**THE PROBLEM**
The required result is every line of the records that includes "ゲームセンター".

**EXCERPTED RECORDS**

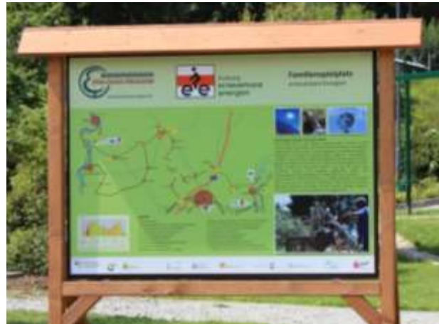
Abbildung 20: Beschilderung des „Familienspielplatz erneuerbare Energien“ am EE-Radweg

Der „Energiespielplatz“ entstand auf Initiative der BioER JSH als kleines Highlight auf dem EE-Radweg. Er wurde mit Hilfe des Ingenieurbüros Bolze, Scherf, Ludwig konzipiert und in Trägerschaft der Stadt Schkölen als LEADER-Innovationsprojekt umgesetzt und betrieben. Die Stadt hat sich weit über die eigentliche Förderung engagiert und damit die Attraktivität des Radweges, wie auch der Region, unterstrichen. Ein aktueller Fernsehbericht „Unterwegs in Thüringen“ (Ausstrahlung am 01.08.2015) macht das deutlich. (vgl. Anlage 4c)
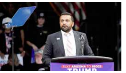
చెందినవారు. తల్లి టాంజానియా, తండ్రి ఉగాండాకు చెందినవారు. 1970లో కెనడా నుండి అమెరికాకు వలస వచ్చారు. న్యూయార్క్ లో జన్మించిన కళ్లవే యూనివర్సిటీ ఆఫ్ రిచీమోండ్ లో గ్రాడ్యుయేషన్ పూర్తి చేసి, యూనివర్సిటీ కాల్జే లండన్ లో న్యాయవిద్యను పూర్తి చేశారు. మియమీ కోర్ట్ లో పబ్లిక్ డిఫెండర్ గా పనిచేసి వివిధ హోదాల్లో సేవలందించారు.

వాషింగ్టన్: అమెరికా అధ్యక్షుడిగా ఎన్నికైన ట్రంప్ తన సన్నిహితుడు కామ్ పీట్ ల్ (కళ్లవే పట్ల) ను డైరెక్టర్ బ్యాండ్ ఆఫ్ ఇన్వెస్టిగేషన్ (ఎఫ్ బిఐ) డైరెక్టర్ గా శనివారం ఎంపిక చేశారు. తన యంత్రాంగంలో పలువురు భారత సంతతికి చెందిన వ్యక్తులకు కీలక పదవులను కేటాయిస్తున్న సంగతి తెలిసిందే. "ఎఫ్ బిఐ తదుపరి డైరెక్టర్ గా కామ్ పీట్ ల్ (కళ్లవే) పట్లను ఎంపిక చేసినందుకు నేను గర్వపడుతున్నాను. గొప్ప న్యాయవాది, పరిశోధకులు, అమెరికా మొదటి పోరాట యోధుడు. అమెరికా ప్రజల కోసం తన వృత్తిని అంకితం చేశారు" అని ట్రంప్ సొంత సోషల్ మీడియా 'ట్రూత్ లో టాక్' చేశారు. గతంలో ట్రంప్ ప్రభుత్వంలో అమెరికా తాపాలిక్ రక్షణ కార్యదర్శి చీఫ్ ఆఫ్ స్టాఫ్ గా పనిచేశారు. నేషనల్ రిజర్వ్ డిప్యూటీ డైరెక్టర్, నేషనల్ సెక్యూరిటీ కౌన్సిల్ (ఉగ్రపాదం) సీనియర్ డైరెక్టర్ గా పనిచేశారు. న్యూయార్క్ లో జన్మించిన కళ్లవేకు గుజరాత్ మూలాలున్నాయి. ఆయన తల్లిదండ్రులు తూర్పు ఆఫ్రికాకు
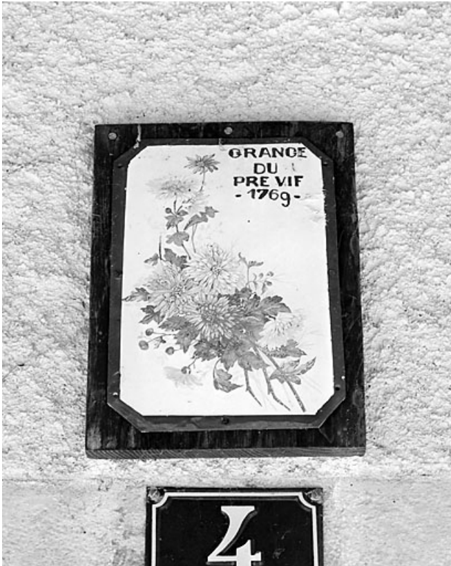
Plaque émaillée surmontant l'entrée.

39, Morez, 4 chemin du Pré vif, lieudit : le Pré vif
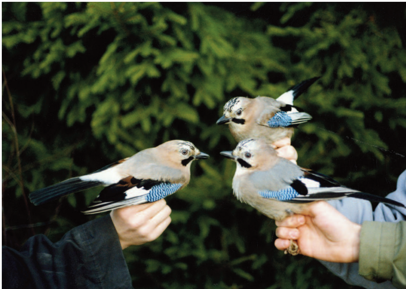
Triss i nötskrikor.
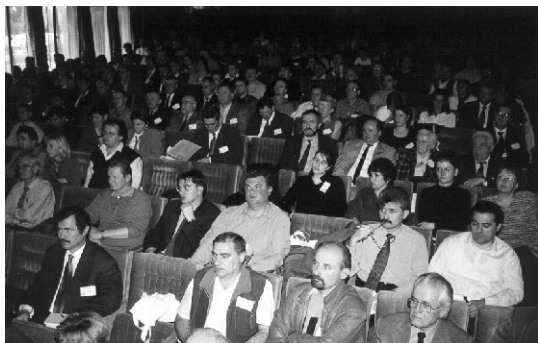
A nagyszámú hallgatóság végig figyelmesen követi az előadásokat
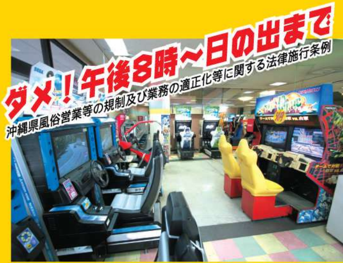
ゲームセンター ※一部は午後10時~午前4時まで

※興行場等とは、映画館、演劇場、ボウリング場、ビリヤード場、スケート場、ゲームセンター、カラオケボックス、インターネットカフェ、マンガ喫茶などをいいます。
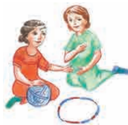
Joc de copii

2. Citește lectura. Realizează o compunere de cel mult 5 rânduri, în care să ilustrezi importanța buneii înțelegeri și a buneii comunicări între oameni. Folosește cel puțin 5 termeni întâlniți în poezie. Inspira-te din viața personală și din desenul alăturat.
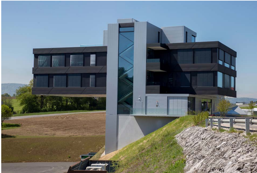
DOMICO Kunden- und Kompetenzzentrum

**ANSWER FOR THIS EXERCISE**
ゲームセンター ※一部は午後10時~午前4時まで
※興行場等とは、映画館、演劇場、ボウリング場、ビリヤード場、スケート場、ゲームセンター、カラオケボックス、インターネットカフェ、マンガ喫茶などをいいます。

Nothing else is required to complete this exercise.